Activity:
Your answer should hold exactly the lines beginning with the one that contains "Taka nuta kolorystyczna" and ending with the last line of the material, both included. Leave every picture out.

Available data:
------------------------------------------------------------
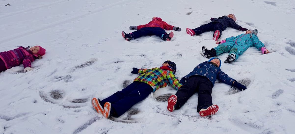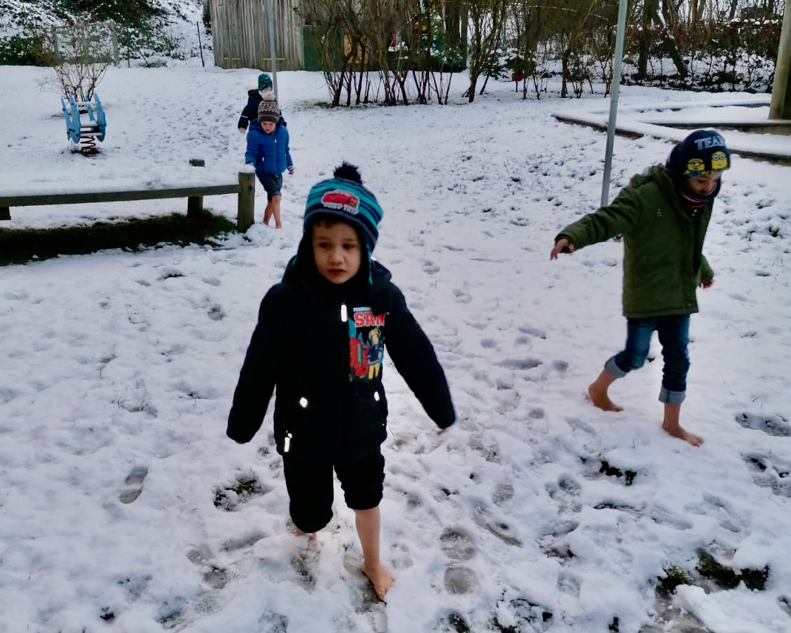 Anfangs noch ängstlich dem Unbekannten gegenüber, werden die Kinder immer „mutiger“ und können nun gar nicht genug von den schuhlosen Ausflügen in den Schnee bekommen.
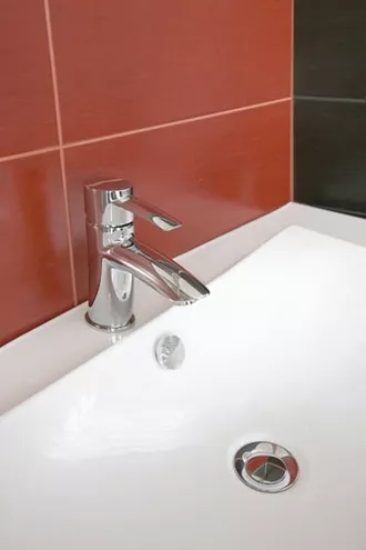 Taka nuta kolorystyczna ożywia, ale nie męczy wzroku, daje sygnał do działania, ale także znosi negatywny nastrój i wprowadza harmonię. We wnętrzu dominują zgeometryzowane formy na motywie prostokąta wpisane w poziome i pionowe podziały ścian oraz w bryły urządzeń ceramicznych. Wanna, umywalka, toaleta i bidet urzekają przemyślaną geometrią i są prawdziwą ozdobą pomieszczenia, ale nie jedyną. Na uwagę zasługuje armatura. Lekkie opływowe kształty baterii Monza z kolekcji Ferro, miękka, plastyczna, zaokrąglona linia, doskonale wyważone proporcje świetnie korespondują z oszczędną formą ceramiki. Wylewki baterii skłaniające się ku naczyniom są zapowiedzią orzeźwiających kropel.
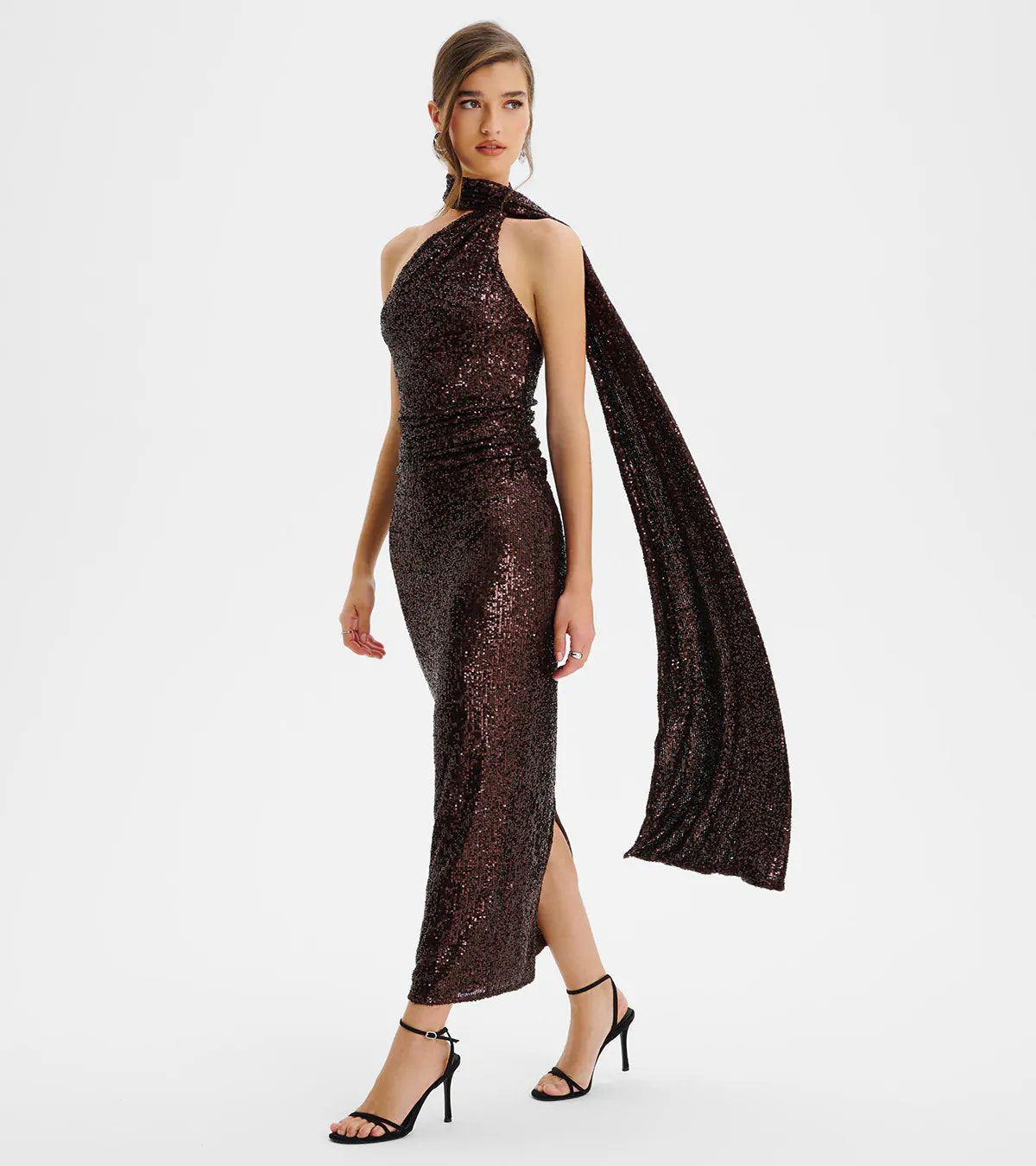 SERENITY Curve Stretch Sequin Bandeau Wrap Dress in Silver
------------------------------------------------------------
Problem solution:
 Taka nuta kolorystyczna ożywia, ale nie męczy wzroku, daje sygnał do działania, ale także znosi negatywny nastrój i wprowadza harmonię. We wnętrzu dominują zgeometryzowane formy na motywie prostokąta wpisane w poziome i pionowe podziały ścian oraz w bryły urządzeń ceramicznych. Wanna, umywalka, toaleta i bidet urzekają przemyślaną geometrią i są prawdziwą ozdobą pomieszczenia, ale nie jedyną. Na uwagę zasługuje armatura. Lekkie opływowe kształty baterii Monza z kolekcji Ferro, miękka, plastyczna, zaokrąglona linia, doskonale wyważone proporcje świetnie korespondują z oszczędną formą ceramiki. Wylewki baterii skłaniające się ku naczyniom są zapowiedzią orzeźwiających kropel.
 SERENITY Curve Stretch Sequin Bandeau Wrap Dress in Silver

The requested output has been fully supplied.